Because of the institutional nature of the San Diego show, what you're most likely to see is people simply ajusting their relationship to it. For some people this means "No, thank you" or "Screw that place." For others, it may mean just going one or two days when they used to go all four -- I think that will start to happen. Or maybe people will attend in select years, like many authors orient themselves towards BEA. For yet other people, it may mean getting a booth, or dropping a booth. Publishers adjust what they bring to the show (Fantagraphics used to bring a ton of porn, for example), and comic book retailers adjust what they sell (there are differences between what many bring here and what many take to a show like Chicago, I'm told). It make senses that they and others will adjust to the size and orientation of the show, too.
6. I'll be interested to hear how the small publishers did overall. I get a sense that the big business days were Wednesday/Thursday this time, and that things kind of trailed off over the weekend, but that's my hunch as opposed to a conclusion based on any sampling.
7. Fantagraphics sold 100 copies of Linda Medley's Castle Waiting
hardback by a little more than halfway through the show. They have two reprint projects that should be announced soon that should please a lot of fans. One was a total surprise to me.

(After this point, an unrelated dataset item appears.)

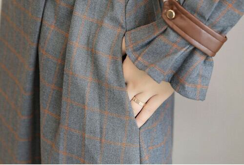 落ち着いたグレンチェックが上品なミモレ丈ワンピースです。

8. Hotel Watch: I heard a few from-left-field horrendous things about the Radisson, the Hyatt and the Wyndham Emerald Plaza. I heard unsolicited positives about the Omni and the Hilton. The US Grant looks nowhere near opening back up.
9. I stayed at the Westgate and liked it very much. For one thing, the rooms are huge, which was nice because you could actually have people up to your hotel room for pre-dinner cocktails and not feel like teenagers stuffed into a room drinking at the Motel 6 before a basketball game (your choice of sport; I'm from Indiana). The staff was nice, and they have a fine, expensive but well-stocked hole-in-the-wall bar in back with a piano. It's one of those places Uncle Seymour and your dad escape to from the wedding reception and no one can find them for hours. One of the Westgate's musicians sang "Miss Otis Regrets" for my party on request, and if that made you projectile vomit, it's probably not the place for you. The hotel distributed a unintentionally funny letter to hotel guests describing the convention and preparing them for the costumes and promising the parties the hotel was hosting for the show would not go too late or be too noisy. If you want a nice, quiet hotel with big rooms and a well-appointed bathroom in that general neighborhood, I'd certainly recommend the Westgate.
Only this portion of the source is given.